*TASK TO COMPLETE*
Each entry below must be written out exactly, with pictures left out.

*EXTRACTED RECORDS*
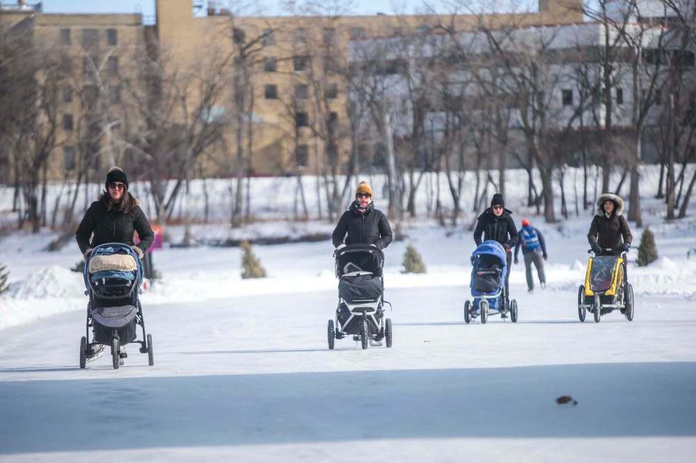MOMS in skates pushed strollers down the ice, friends skated in pairs and a few passed a puck to each other on the final day of a winter Winnipeg tradition.
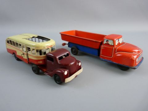 TWO GERMAN TINPLATE CLOCKWORK VEHICLES including a Heinrich Wimmer HWN-1950 bus, bakelite cab front unit with hook-on tinplate coach section in red and cream livery with sliding open roof, marked 'Made in US Zone, Germany', 24 cms approximate length and a Nuremberg NBN friction drive blue and red tipper truck with lithograph cab figures, 22 cms long, marked 'DBGM, Made in Western Germany'
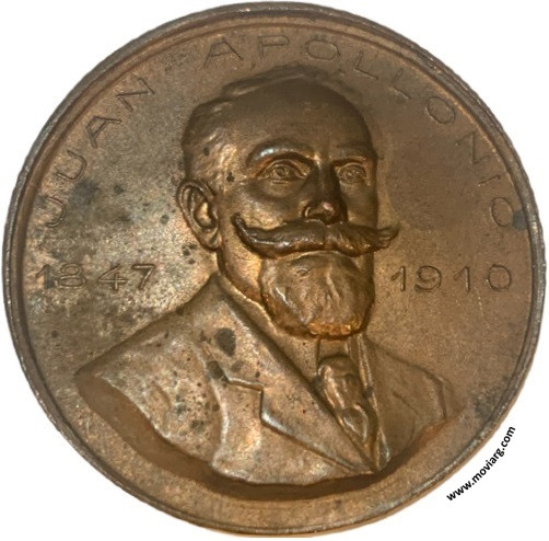 Colección Magnin Anverso: JUAN APOLLONIO / 1847 / 1910Reverso: EL PUEBLO / DE BELLA VISTA (CTES.) / TRIBUTA HOMENAJE / A SU MEMORIA / 30 JULIO 1922. Firma: GOTTUZZO Y PIANA Referencia: | |
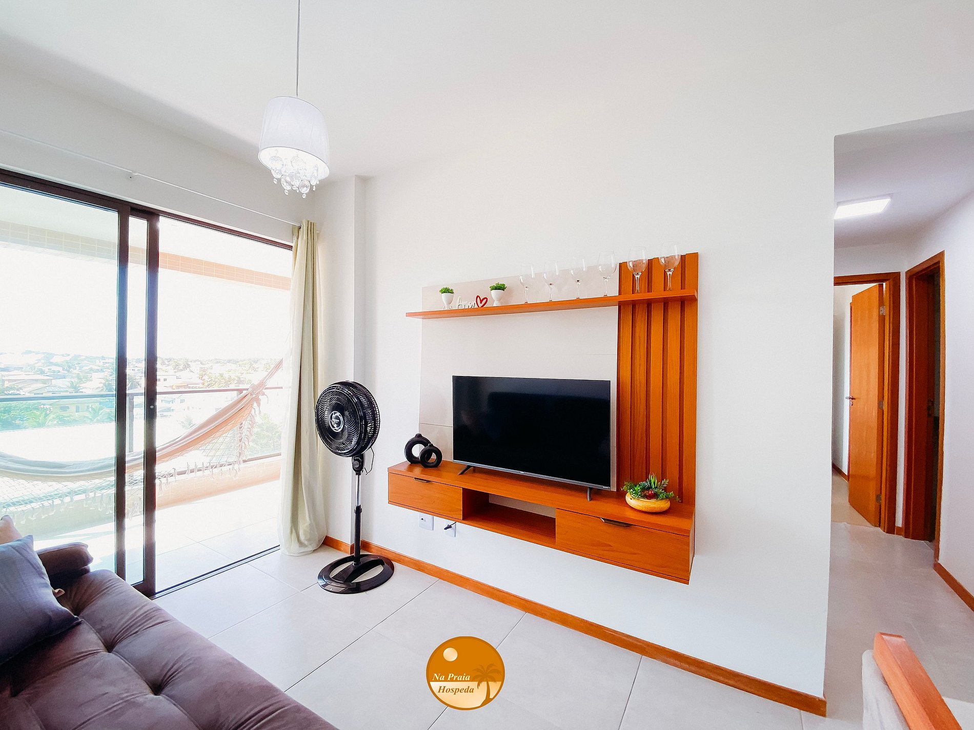 * Sala de Estar/Jantar: 1 sofá cama, Smart TV, Rack, Ventilador de torre, Varanda com mesa + Quatro cadeiras, Rede de descanso.
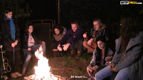 Сняв загородный домик в лесу, русские студенты приехали туда на уикенд. Им хотелось устроить для себя праздник, так что не стали ни в чем себе отказывать. Разобрав все вещички и накрыв столы, они вышли во двор и там разожгли большой костер. Болтая о том, да о сем, студенты посидели у костра и занялись групповым сексом в доме, как только туда вернулись. Парни толпой пердолили всех студенток подряд, так что некоторые из них даже испытали на себе все прелести двойного проникновения.

*FINAL ANSWER*
MOMS in skates pushed strollers down the ice, friends skated in pairs and a few passed a puck to each other on the final day of a winter Winnipeg tradition.
 TWO GERMAN TINPLATE CLOCKWORK VEHICLES including a Heinrich Wimmer HWN-1950 bus, bakelite cab front unit with hook-on tinplate coach section in red and cream livery with sliding open roof, marked 'Made in US Zone, Germany', 24 cms approximate length and a Nuremberg NBN friction drive blue and red tipper truck with lithograph cab figures, 22 cms long, marked 'DBGM, Made in Western Germany'
 Colección Magnin Anverso: JUAN APOLLONIO / 1847 / 1910Reverso: EL PUEBLO / DE BELLA VISTA (CTES.) / TRIBUTA HOMENAJE / A SU MEMORIA / 30 JULIO 1922. Firma: GOTTUZZO Y PIANA Referencia: | |
 * Sala de Estar/Jantar: 1 sofá cama, Smart TV, Rack, Ventilador de torre, Varanda com mesa + Quatro cadeiras, Rede de descanso.
 Сняв загородный домик в лесу, русские студенты приехали туда на уикенд. Им хотелось устроить для себя праздник, так что не стали ни в чем себе отказывать. Разобрав все вещички и накрыв столы, они вышли во двор и там разожгли большой костер. Болтая о том, да о сем, студенты посидели у костра и занялись групповым сексом в доме, как только туда вернулись. Парни толпой пердолили всех студенток подряд, так что некоторые из них даже испытали на себе все прелести двойного проникновения.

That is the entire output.